In the late nineteenth century, a German
biochemist found the nucleic acids, long-chain polymers of
nucleotides, were made up of sugar, phosphoric acid, and several
nitrogen-containing bases. Later it was found that the sugar in
nucleic acid can be ribose or deoxyribose, giving two forms: RNA and
DNA. In 1943, American Oswald Avery proved that DNA carries genetic
information. He even suggested DNA might actually be the gene. Most
people at the time thought the gene would be protein, not nucleic
acid, but by the late 1940s, DNA was largely accepted as the genetic
molecule. Scientists still needed to figure out this molecule's
structure to be sure, and to understand how it worked.
In 1948, Linus Pauling discovered that many proteins take the shape
of an alpha helix, spiraled like a spring coil. In 1950, biochemist
Erwin Chargaff found that the arrangement of nitrogen bases in DNA
varied widely, but the amount of certain bases always occured in a
one-to-one ratio. These discoveries were an important foundation for
the later description of DNA.
In the early 1950s, the race to discover DNA was on. At Cambridge
University, graduate student Francis Crick and research fellow James
Watson (b. 1928) had become interested, impressed especially by
Pauling's work. Meanwhile at King's College in London, Maurice
Wilkins (b. 1916) and Rosalind Franklin were also studying DNA. The
Cambridge team's approach was to make physical models to narrow down
the possibilities and eventually create an accurate picture of the
molecule. The King's team took an experimental approach, looking
particularly at x-ray diffraction images of DNA.
In 1951, Watson attended a lecture by Franklin on her work to date.
She had found that DNA can exist in two forms, depending on the
relative humidity in the surrounding air. This had helped her deduce
that the phosphate part of the molecule was on the outside. Watson
returned to Cambridge with a rather muddy recollection of the facts
Franklin had presented, though clearly critical of her lecture style
and personal appearance. Based on this information, Watson and Crick
made a failed model. It caused the head of their unit to tell them to
stop DNA research.
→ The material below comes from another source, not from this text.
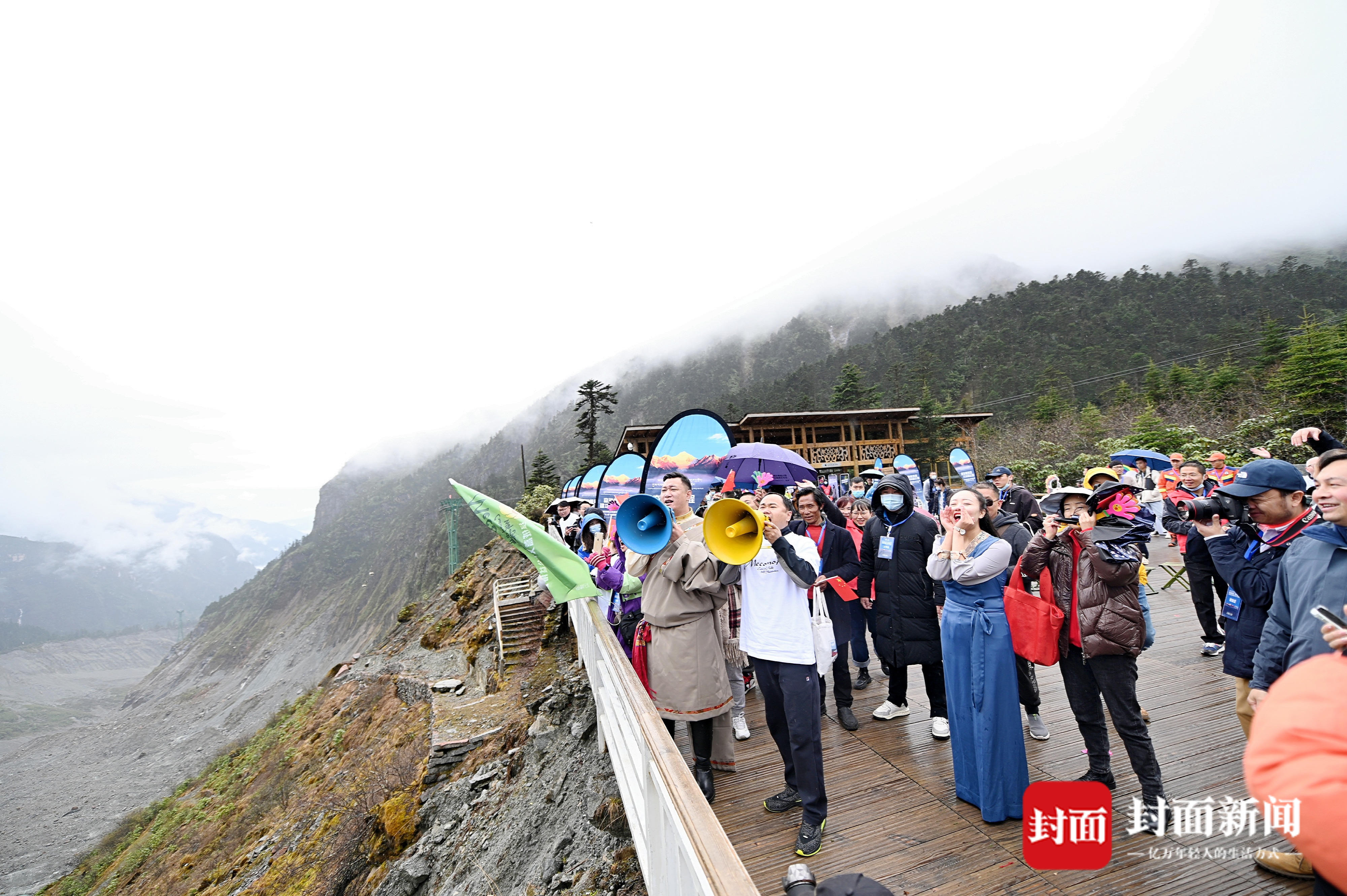 游客在面向海螺沟一号冰川,高喊对家人、朋友和祖国的祝福。

But the subject just kept coming up.
Franklin, working mostly alone, found that her x-ray diffractions
showed that the "wet" form of DNA (in the higher humidity) had all
the characteristics of a helix. She suspected that all DNA was
helical but did not want to announce this finding until she had
sufficient evidence on the other form as well. Wilkins was
frustrated. In January, 1953, he showed Franklin's results to Watson,
apparently without her knowledge or consent. Crick later admitted,
"I'm afraid we always used to adopt -- let's say, a patronizing
attitude towards her."
Watson and Crick took a crucial conceptual step, suggesting the
molecule was made of two chains of nucleotides, each in a helix as
Franklin had found, but one going up and the other going down. Crick
had just learned of Chargaff's findings about base pairs in the
summer of 1952. He added that to the model, so that matching base
pairs interlocked in the middle of the double helix to keep the
distance between the chains constant.
Watson and Crick showed that each strand of the DNA molecule was a
template for the other. During cell division the two strands separate
and on each strand a new "other half" is built, just like the one
before. This way DNA can reproduce itself without changing its
structure -- except for occasional errors, or mutations.
The structure so perfectly fit the experimental data that it was
almost immediately accepted. DNA's discovery has been called the most
important biological work of the last 100 years, and the field it
opened may be the scientific frontier for the next 100. By 1962, when
Watson, Crick, and Wilkins won the Nobel Prize for
physiology/medicine, Franklin had died. The Nobel Prize only goes to
living recipients, and can only be shared among three winners. Were
she alive, would she have been included in the prize?